I’m one of those annoying people who always says the book was better than the movie, but sometimes I cheat and watch the movie if I want to get cultured without reading the book. That way I can at least talk about it if it comes up and pretend like I know something.
Otherwise it goes to the back of my reading list, which is a lot like the back of my refrigerator right now. Not sure what’s back there at this point or if it’s any good. I don’t have a theater list.
So I was talking to my wife about how Shakespeare had some good dirty jokes back in the day but got away with it because he spoke posh. And we decided to watch A Midsummer Night’s Dream, which she saw in a theater and I didn’t.

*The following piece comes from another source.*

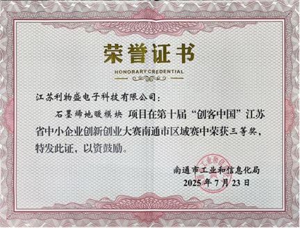 附荣誉证书:江苏利物盛电子科技有限公司“石墨烯地暖模块”项目,在第十届“创客中国”江苏省中小企业创新创业大赛南通市区域赛中获三等奖,由南通市工业和信息化局于2025年7月23日颁发证书鼓励。
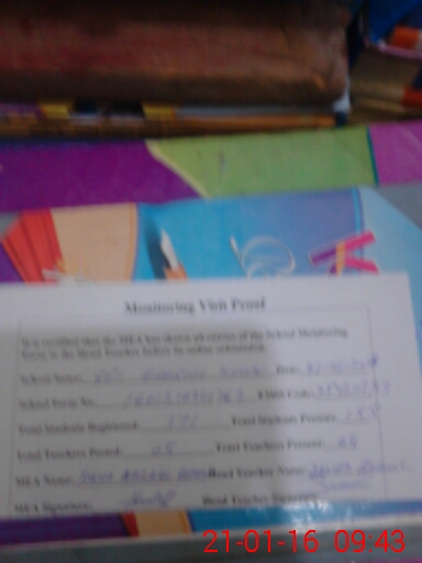 | School Visited by School Health & Nutrition Supervisor (No. of Visits) | 1 | Name1: | M RIZWAN | Name2: | Nil |

The one with the currently famous actors.
I wanted to watch the actual play, so I don’t make a fool out of myself by talking about how people in Romeo and Juliet’s day called their guns swords. Then I realize it’s set in the 1800s and I start getting paranoid they were gonna go all Baz Luhrmann on us and make me lose English major cred.
But they were talking Elizabethan English so I figured it was OK.
Poor young lovers getting jerked around by those meddling fairies. It reminded me of when I used to play Doctor Jekyll and Mr. Hyde with the dog when I was a kid. It really freaked him out.
So anyway, I think I did a culture, but they have that wacky play at the end with Kevin Kline’s character. Was that stuff in the play or did they Hollywood it up? Made me suspicious. It was too entertaining.
I’m the one who wanted to watch Shakespeare for the jokes. Was he really that funny?
Now I’m gonna have to read the play dammit.